Империя рухнула, и на ее территорию в любой момент могли ворваться завоеватели.
А Юрий Петрович больше всего боялся именно этого момента. Он встал, подошел к книжным полкам. Если была в его жизни подлинная страсть, то это книги. Он собирал их мальчишкой, нищим студентом. Не продал ни одной даже в самые трудные времена. Теперь приходится оставлять. Это было нестерпимо больно. Только они являлись его подлинными друзьями. Только они дарили ему радость и отдохновение. Что его ждет там? Богатство, успех? А может, нищая старость, обычная судьба эмигранта? Долгушин закурил, вынул из жилетного кармана часы, нажал на репетир. Они пробили шесть раз. Пора.

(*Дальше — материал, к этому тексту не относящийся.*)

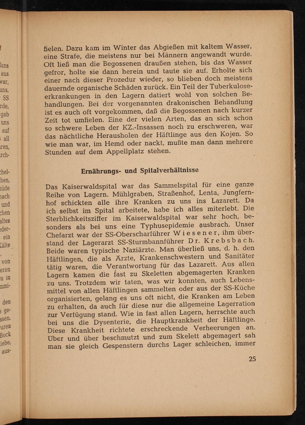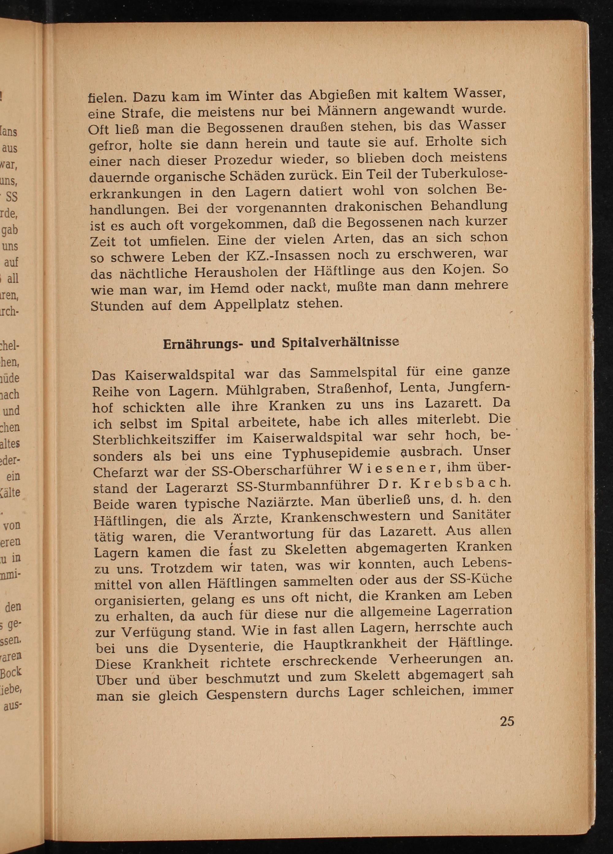 Das Kaiserwaldspital war das Sammelspital für eine ganze Reihe von Lagern. Mühlgraben, Straßenhof, Lenta, Jungfernhof schickten alle ihre Kranken zu uns ins Lazarett. Da ich selbst im Spital arbeitete, habe ich alles miterlebt. Die Sterblichkeitsziffer im Kaiserwaldspital war sehr hoch, besonders als bei uns eine Typhusepidemie ausbrach. Unser Chefarzt war der SS- Oberscharführer Wiesener, ihm überstand der Lagerarzt SS- Sturmbannführer Dr. Krebsbach . Beide waren typische Naziärzte. Man überließ uns, d. h. den Häftlingen, die als Ärzte, Krankenschwestern und Sanitäter tätig waren, die Verantwortung für das Lazarett. Aus allen Lagern kamen die fast zu Skeletten abgemagerten Kranken zu uns. Trotzdem wir taten, was wir konnten, auch Lebensmittel von allen Häftlingen sammelten oder aus der SS - Küche organisierten, gelang es uns oft nicht, die Kranken am Leben zu erhalten, da auch für diese nur die allgemeine Lagerration zur Verfügung stand. Wie in fast allen Lagern, herrschte auch bei uns die Dysenterie, die Hauptkrankheit der Häftlinge. Diese Krankheit richtete erschreckende Verheerungen an. Über und über beschmutzt und zum Skelett abgemagert sah man sie gleich Gespenstern durchs Lager schleichen, immer

Зазвонил телефон. Юрий Петрович посмотрел на него и усмехнулся. Настроение у него сразу улучшилось, словно звонок разрезал невидимую нить, связывающую его с прошлым.
Он по привычке проверил окна, посмотрел, выключена ли плита, и вышел. Долгушин не стал запирать дверь на все замки. Зачем? Он просто захлопнул ее и пошел к лифту. Выйдя из подъезда, он усмехнулся и выбросил ключи в кусты. Родину не унесешь на подошвах сапог. А он и не собирался. Он найдет другую. Он вел машину и прощался с Москвой. Больше никогда он не увидит этого города. Долгушин не жалел об этом. Не очень-то просто он прожил свои пятьдесят семь лет на его улицах.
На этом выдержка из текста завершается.